The data-intensive nature of the 21st-century biology makes it very important for scientists to have a basic proficiency in statistics. Whether it is thousands of gene expression levels as measured by a microarray, millions of polymorphisms that have been genotyped in a case-control study or more general questions of how to properly design an experiment, you will constantly be confronted with how to collect, analyze and interpret data. This course provides the key statistical concepts and methods necessary for extracting biological insights from data.
A common misconception about "doing" statistics is that it is useful only for analyzing data after an experiment has been performed. In fact, statistical methods are an integral part of designing experiments as well. How small of an effect size do you want to be able to detect? What sample size will you need? What is the power of your experiment?
In this ten week course, we will not be able to cover every specific topic that might arise in the course of your research. Thus, we will focus on rigorous understanding of fundamental concepts that will provide you with the tools necessary to address routine statistical analyses and the foundation to learn about more specialized topics.
Throughout this course, we will often make use of the freely available statistical software R (http://www.r-project.org). R has become one of the most widely used platforms for statistical analysis in genomics because it is powerful, free and capable of making publication-quality graphics.

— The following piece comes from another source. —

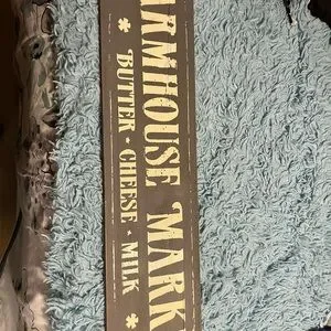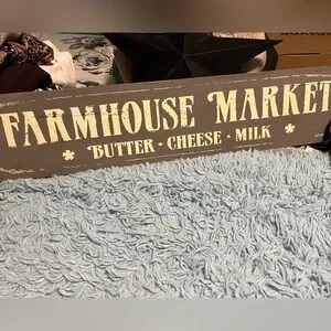 Rustic farmhouse market sign with 'Butter Cheese Milk' text. Perfect for home decor.

Problem sets will be much easier to complete using R, though you are free to use other tools if you prefer. We strongly recommend you take the time to learn R.

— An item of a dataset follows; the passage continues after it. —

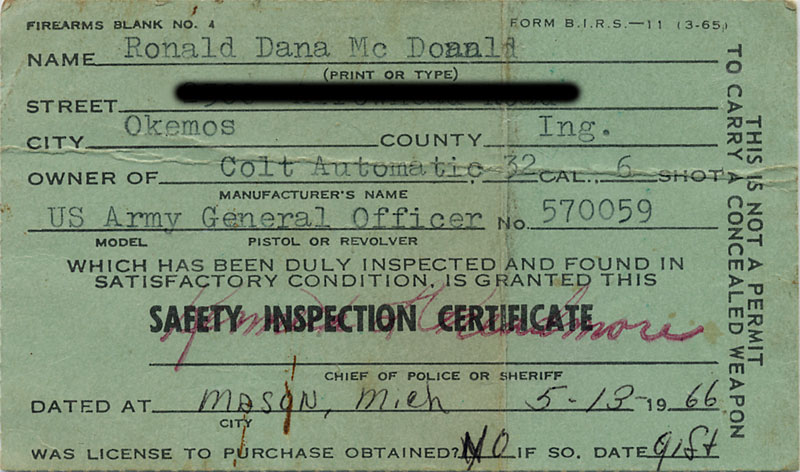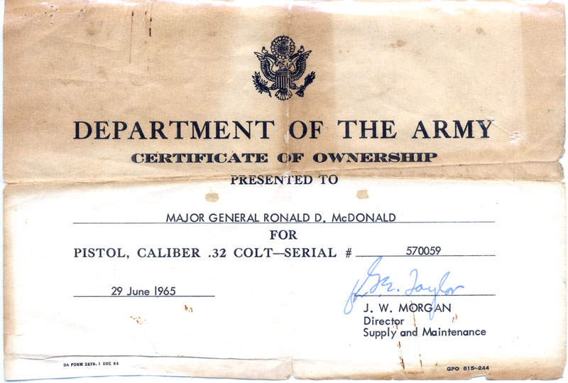 Department of the Army Certificate of Ownership Presented to Major General Ronald D. McDonald for Pistol, caliber .32 Colt - Serial # 570059, 29 June 1965, J.W. Morgan, Director, Supply and Maintenance.  DA Form 2879, 1 Dec 64, GPO 815-244.

The primary objective of this course is to provide a strong foundation in fundamental statistical concepts, particularly as they relate to genomics, and thus to better prepare you for research. The key here is not "getting the right answer," but rather learning how to get the right answer.

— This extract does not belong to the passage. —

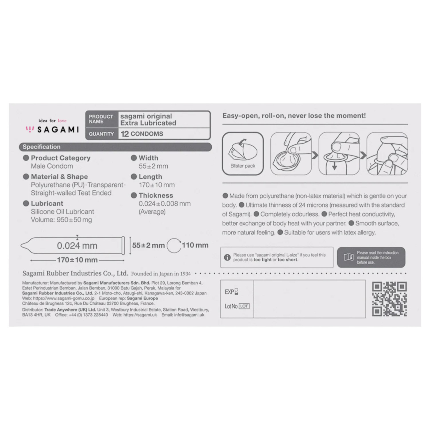 I over 90 år har Sagami utviklet kondomer av topp kvalitet, med målsetningen om ikke bare å tilby sikkerhet, men også å øke intimiteten. Kondomene er laget av polyuretan, noe som gjør dem luktfrie og lateksfrie, og sikrer en mer naturlig opplevelse på grunn av deres utmerkede varmeledningsevne. Det ekstra glidemiddelet gjør samværet enda glattere og mer behagelig.
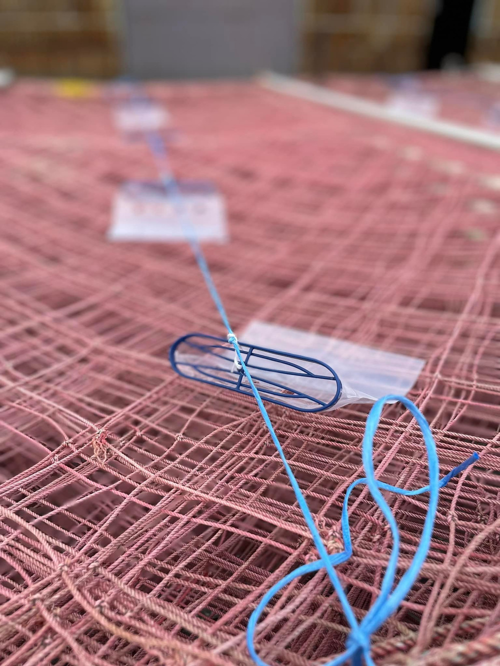 干して乾いたら、浮きになる中が空洞の棒を等間隔に付け、海苔のの種を入れるビニール袋を取り付けて丸めます。

Lectures and R tutorials are available here. There is no required textbook for this course.
A note about grading: the point of the assignments is not just to get the right answer. Many statistics problems come with choices: Which test should I choose? How should I best visualize these data? What distribution fits my sample? Many of these questions have no single "correct" answer. The point of the homework is to gain the skills to answer these questions on your own. Grading will reflect the learning process, not just the end result.
Feel free to work in groups; in fact, discussion of the homework assignments is encourage. However, each student must turn in his or her own assignment. Please don't copy homework; you won't learn anything.
The class meets twice a week on Mondays and Wednesdays from 9:00-10:20 AM in Foege S040.
Each class will last for 80 minutes and be primarily lecture based. We will interrupt lectures to work on problems in small groups, and will also work through analyses using R. Some classes will include approximately 20 minutes of interactive work with R designed around applying key concepts learned in class to real data. Therefore, students are urged to bring a laptop with R installed.